May 3, 2019, 9:02 AM | Updated: 9:04 am

(Photo by Tom Szczerbowski/Getty Images)...

(Photo by Tom Szczerbowski/Getty Images)

(Photo by Tom Szczerbowski/Getty Images)

The 2018 season for the Oakland Athletics was the ride of a lifetime. A team of young-guns with nothing to lose approached the batters box the same way they did the season; swinging for the fences. The A’s, not expected to make much noise in a stacked American League West division, won 97 games while hitting a monstrous 227 home runs. After a brief taste of the postseason, being eliminated by the New York Yankees in the AL Wild Card game, Oakland had high expectations heading into 2019.

Those expectations are still there. But, instead of using the offseason to fill the major holes that the Athletics have, especially with their pitching rotation, the organization elected to sit on their hands and hope that lightning would strike twice.

The game of baseball in 2019 is very different from what it was just a few years ago; where power and home runs are the name of the game and launch angle is at the peak of analytics. There aren’t too many teams that can hit it out of the yard better than the A’s, who feature sluggers like Khris Davis, Matt Chapman and Matt Olson on their daily lineup card. While scoring runs is essential to winning games, being able to keep your opponent from scoring more is still just as important.

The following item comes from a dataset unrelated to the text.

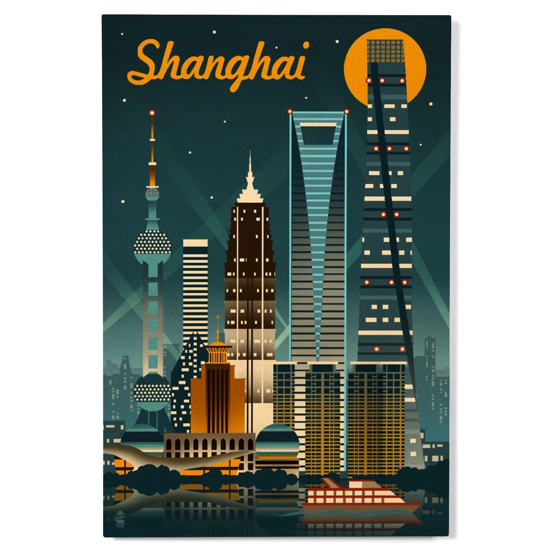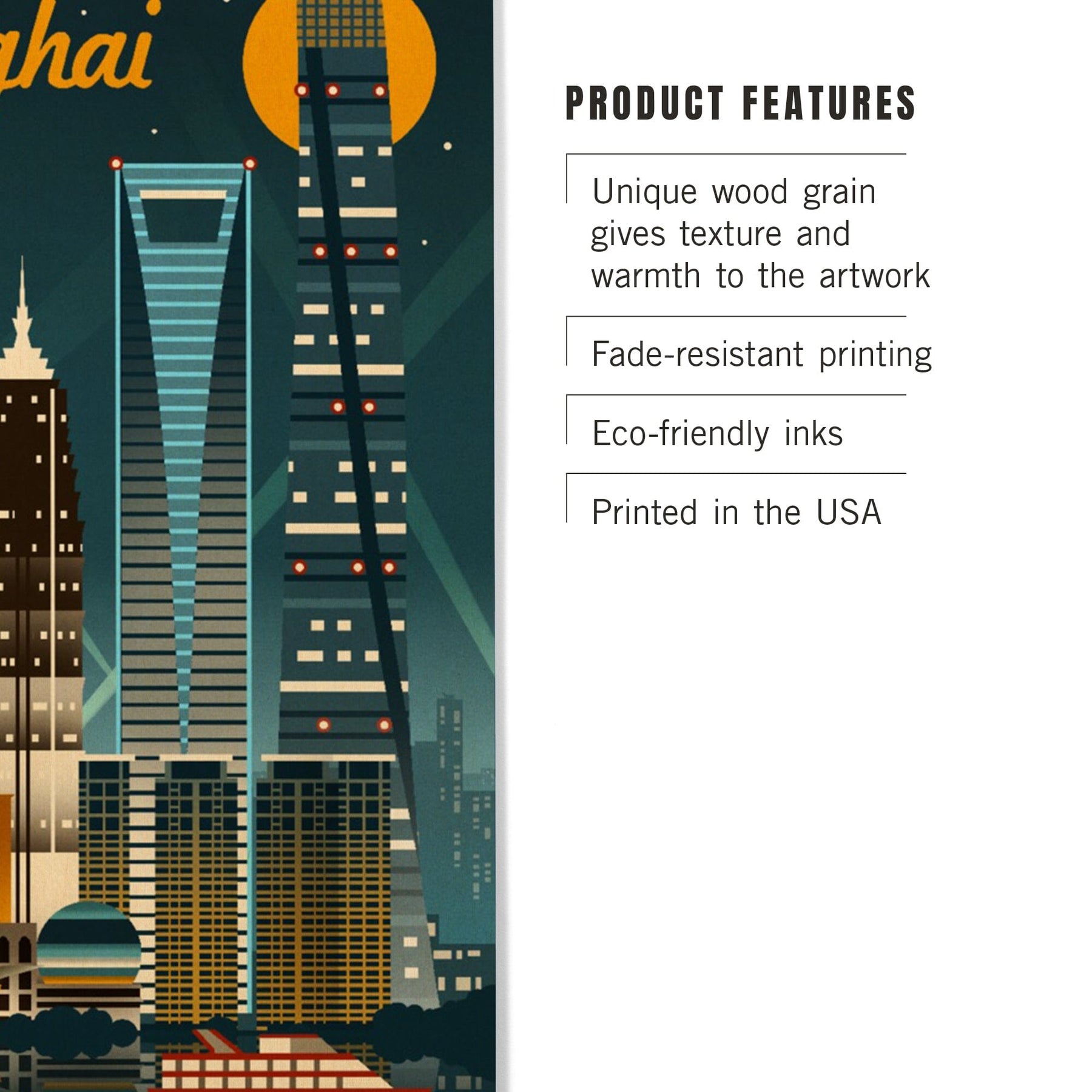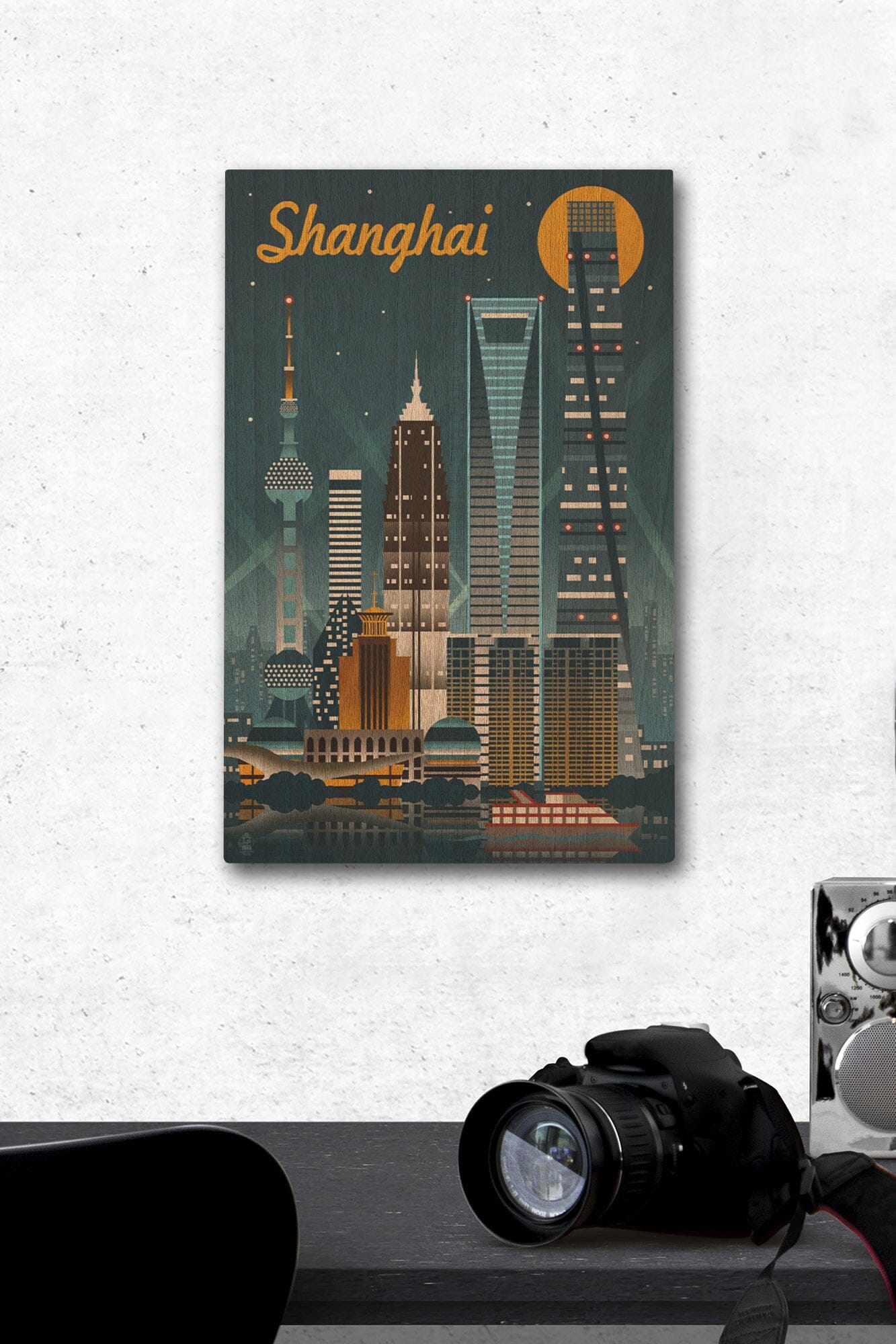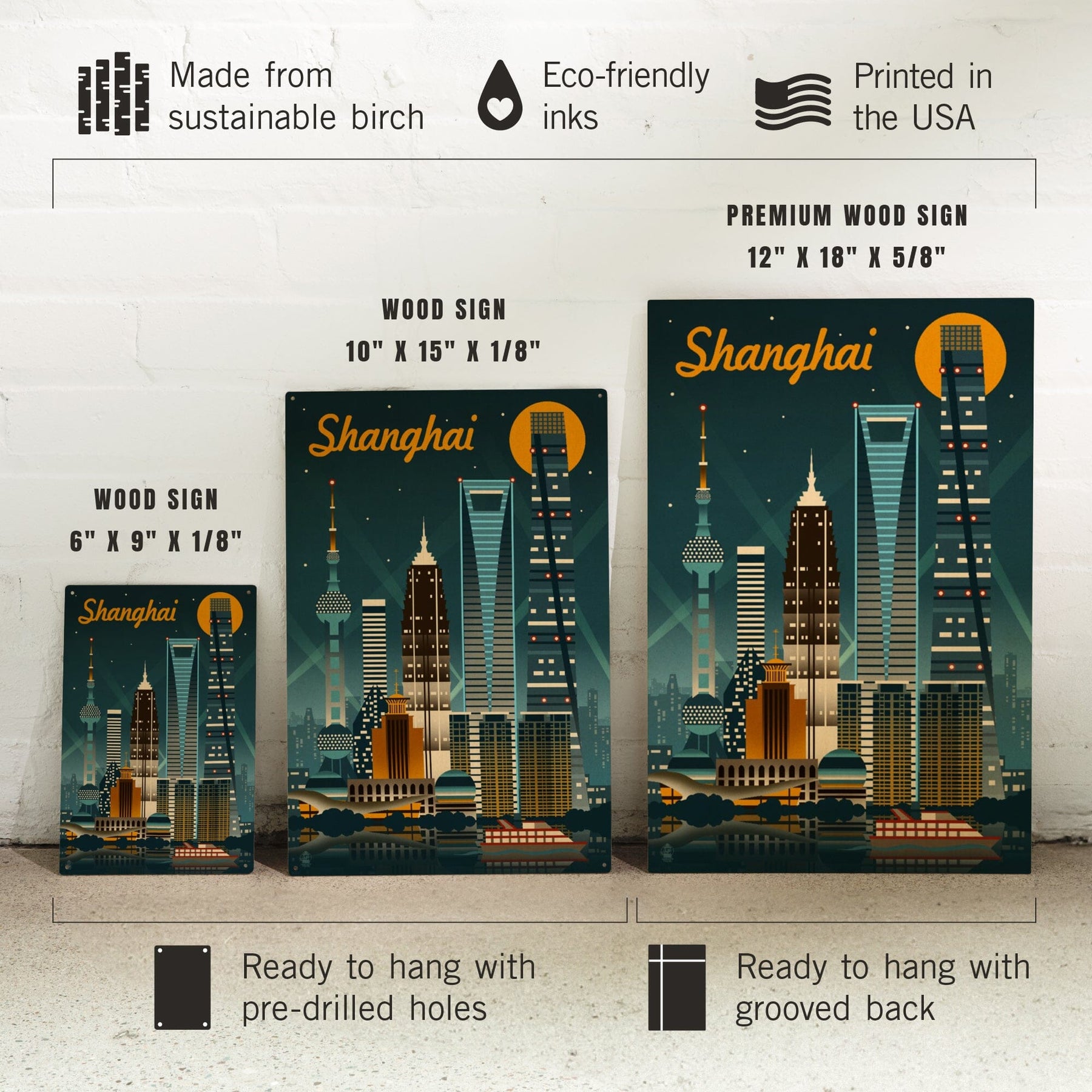 Shanghai, China, Retro Skyline, Lantern Press Artwork, Wood Signs and Postcards Wood Lantern Press
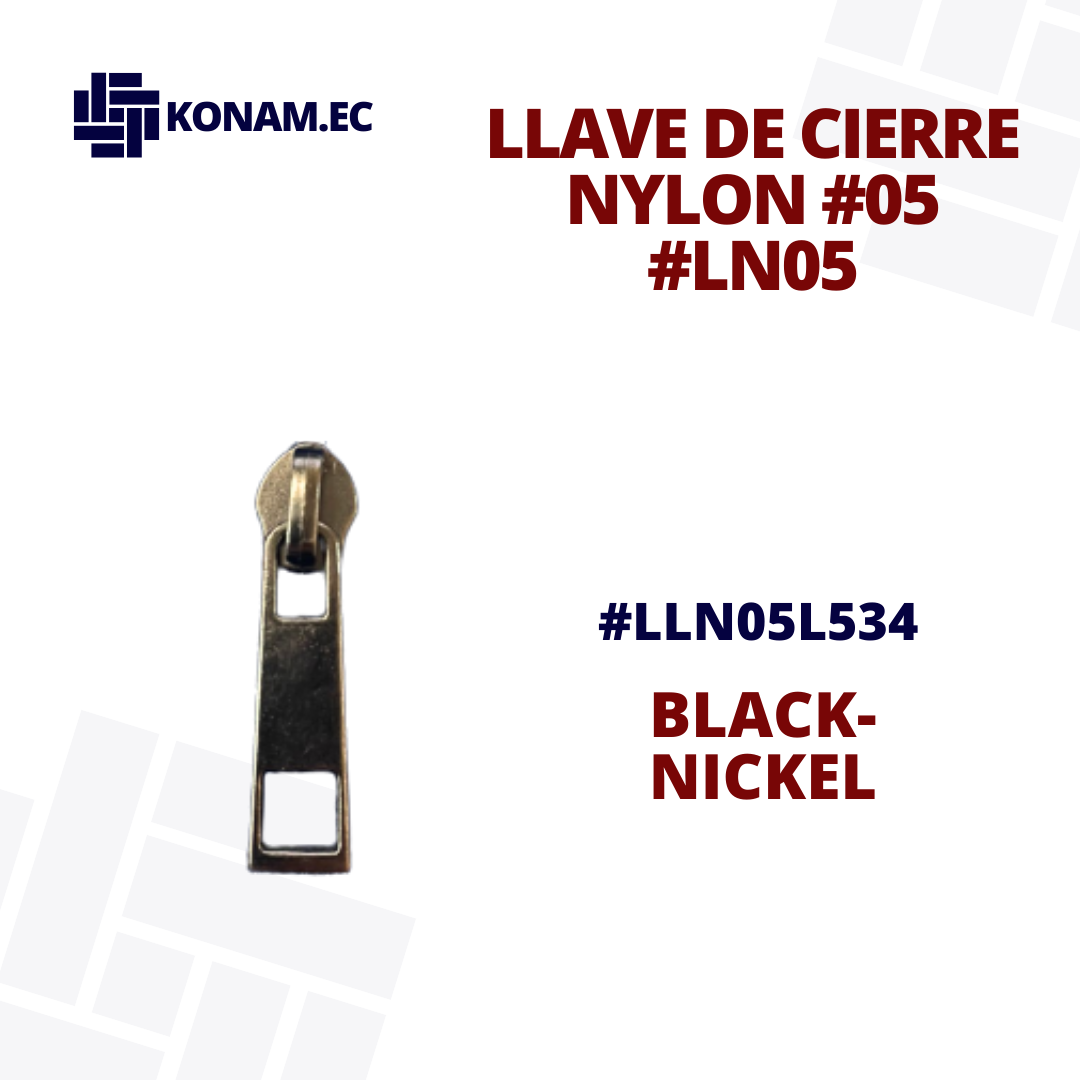 Llave de cierre Nylon #05 modelo #LN05 con acabado black nickel, resistente y de excelente acabado que proporciona un deslizamiento suave y seguro. Su diseño moderno con apariencia metálica oscura aporta estilo y durabilidad a todo tipo de cierres en confecciones.

Oakland’s pitching rotation, already suspect as a whole, is plagued with injuries. Sean Manaea, Daniel Gossett, Jharel Cotton, Marco Estrada, Jesus Luzardo and A.J. Puk are all currently on in Injured List, and most of them have been out for quite some time.

The A’s front office ended last season knowing that many of the names above wouldn’t be available for a large portion of the season. While fans shouldn’t have expected the team to throw big money or trade offers at superstar arms, it was fair to expect some kind of move to, if nothing else, put together a rotation that can go a minimum of five innings consistently.

Instead, not only did Oakland not try to fix the problem, they added to it by allowing veteran catcher Jonathan Lucroy, who was largely responsible for what little success A’s pitching had in 2018, to go to the Los Angeles Angels for a more than reasonable price.

We have heard a lot of praise from the A’s about the talented young pitchers in their minor league system. When it comes to talent development, Oakland’s track record is second to none. However, those exciting prospects have had little opportunity to show what they can do at the MLB level due to the amount of time they have spent on the shelf.

It’s understandable that the A’s wouldn’t want to give up on those prospects so quickly, but sticking with them at the risk of hurting your MLB roster’s chances at winning a World Series is nothing short of foolish.

The A’s plan is simple; try and say afloat for as long as possible, hovering around the .500 mark for the first few months of the season, until pitchers are healthy enough to work their way back into the rotation. But that plansimply isn’t working. Already 33 games into what was supposed to be the season that the A’s dethroned the Houston Astros in the AL West, Oakland finds themselves at the bottom of their division, 4.5 games back of Houston, with a 14-19 overall record.

Of course there’s still plenty of time to turn things around, but Oakland’s “cheap” reputation has already got the most loyal of fans saying, “here we go again”. Offensively the roster is still loaded with talent, ready to compete at the highest level and make a deep postseason run. But if the A’s were looking to avoid wasting the few precious years of peak run production, not doing anything during the winter was not the right course of action.

The Khris Davis extension was a start, but maintaining a winning team in Oakland has always been the biggest problem. It’s one thing to go all-in and things not work out (like the Jon Lester trade in 2014), but to sit idle while bad pitching takes away all the hope and progress from 2018 is about as bad as it gets.

“If it ain’t broke, don’t fix it.”

The A’s, right now, are definitely “broke”.